=== Records for this task ===

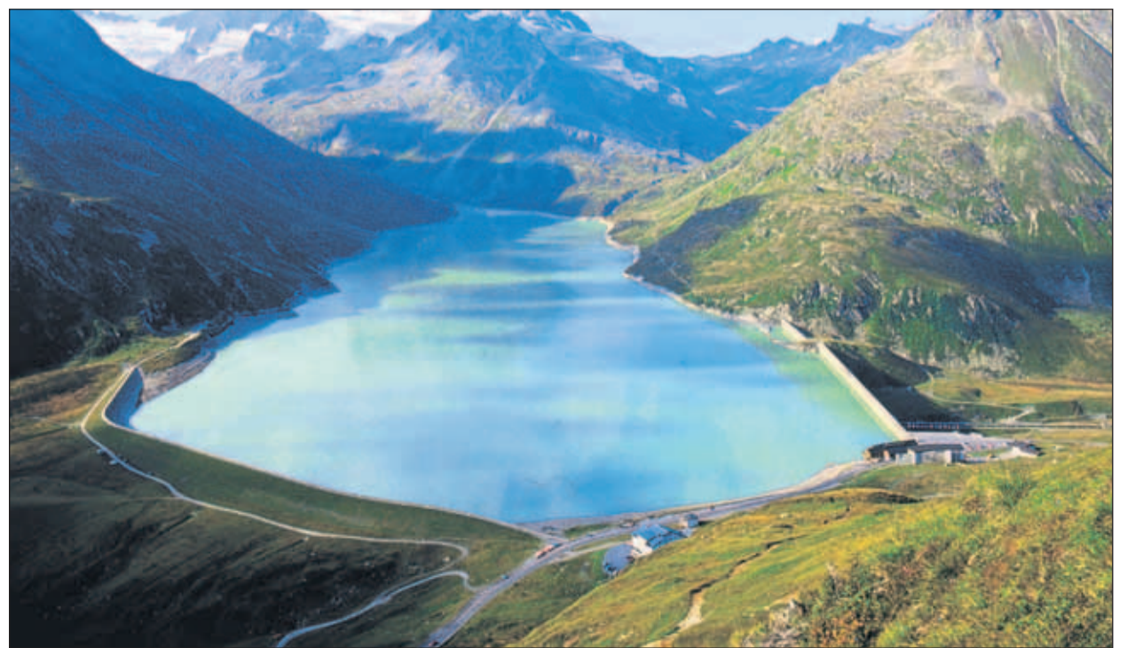
Der Silvrettastausee – Zwei Drittel des heimischen Stroms werden in Wasserkraftwerken erzeugt.

Die Investitionsoffensive der E-Wirtschaft sollte möglichst rasch umgesetzt werden. Dafür
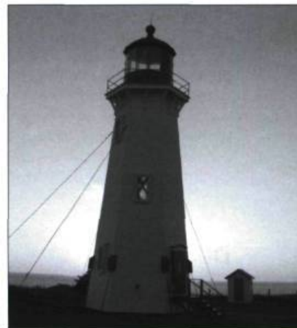
Le phare de Millerand à l'Anse-à-la-Cabane.
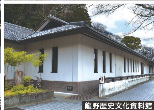
龍野歴史文化資料館
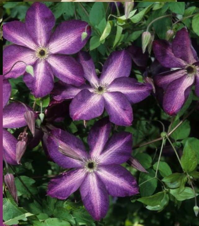
Clematis viticella 'Venosa Violaceae'
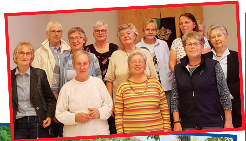
Rechte Seite: Frauengesprächskreis in der Synagoge (Oben) Männerkreis in Ochsenfurt (Mitte) Geburtstagsfest (Unten)
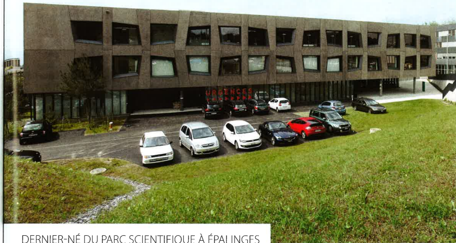
DERNIER-NÉ DU PARC SCIENTIFIQUE À ÉPALINGES
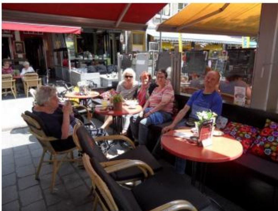
Moe van het lopen op de markt is zo'n terrasje toch wel een uitkomst

Moe van het rondlopen op deze mooie markt zochten wij een terras op voor een kop koffie/thee, een biertje en wat lekkers erbij. Heerlijk onder de parasols, vakantie.....Heel gezellig!
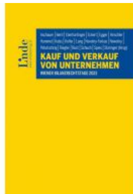
Kauf und Verkauf von Unternehmen Ladenpreis: 68,00 EUR
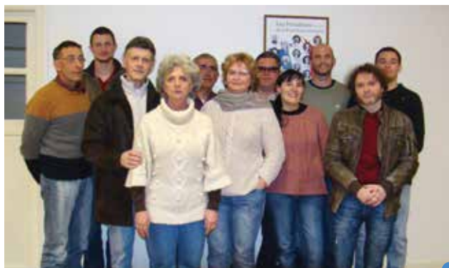
les membres du Conseil Municipal
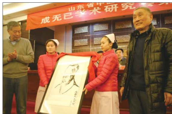
成无己画像揭牌仪式。

刘德勇表示,成无己学术研究会成立一年来,北上内蒙古、北京挖掘成无己的生平事迹及学术思想,南下河南南阳医圣张仲景故里考察与成无己相关资料。
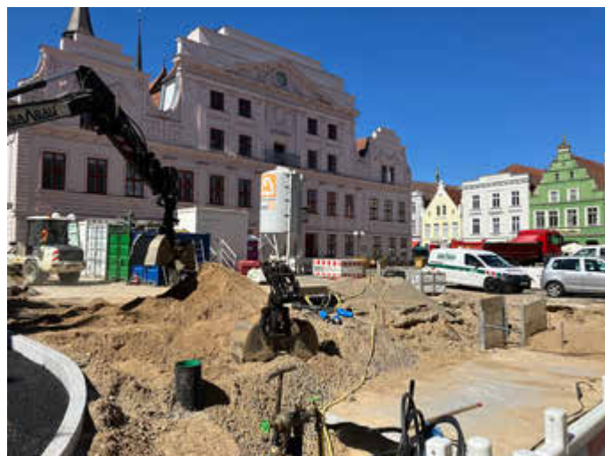
Foto: Baustelle am 13.08.2024
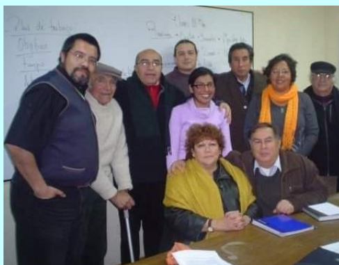
2008 Reunión de dirigentes para el primer encuentro de usuarios

El 2019 se comenzó a articular el VI congreso en Valparaíso, que se realizó de manera absolutamente autogestionada, desde los territorios, con temas propios, metodología, congregando a más de 4000 dirigentes a lo largo del país.
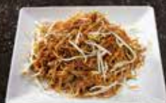
Nouille légumes * 9.00 Nouille Shop Suey 9.50
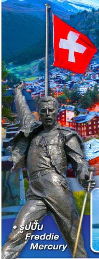
• รูปปั้น Freddie Mercury

พีชิต 5 เจริทิ, เชาฮาร์เคอร์คุม, เชาจุงเฟรา เวกาลาเชียร์ 3000 และ เชากรอนเนือร์เกรต
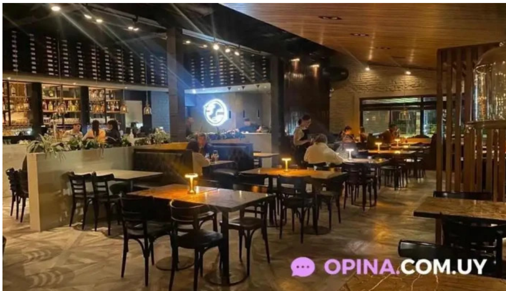
Cotidiano del propietario
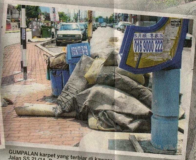
GUMPALAN karpet yang terbiar di kawasan Jalan SS 21/1A, Damansara Uptown, Petaling Jaya.

===

[Work request]
Take the entries above and copy exactly the lines starting at the one with "les membres du Conseil Municipal" and ending at the one with "2008 Reunión de"; nothing outside that span, and no pictures.

[Response]
les membres du Conseil Municipal
成无己画像揭牌仪式。

刘德勇表示,成无己学术研究会成立一年来,北上内蒙古、北京挖掘成无己的生平事迹及学术思想,南下河南南阳医圣张仲景故里考察与成无己相关资料。
Foto: Baustelle am 13.08.2024
2008 Reunión de dirigentes para el primer encuentro de usuarios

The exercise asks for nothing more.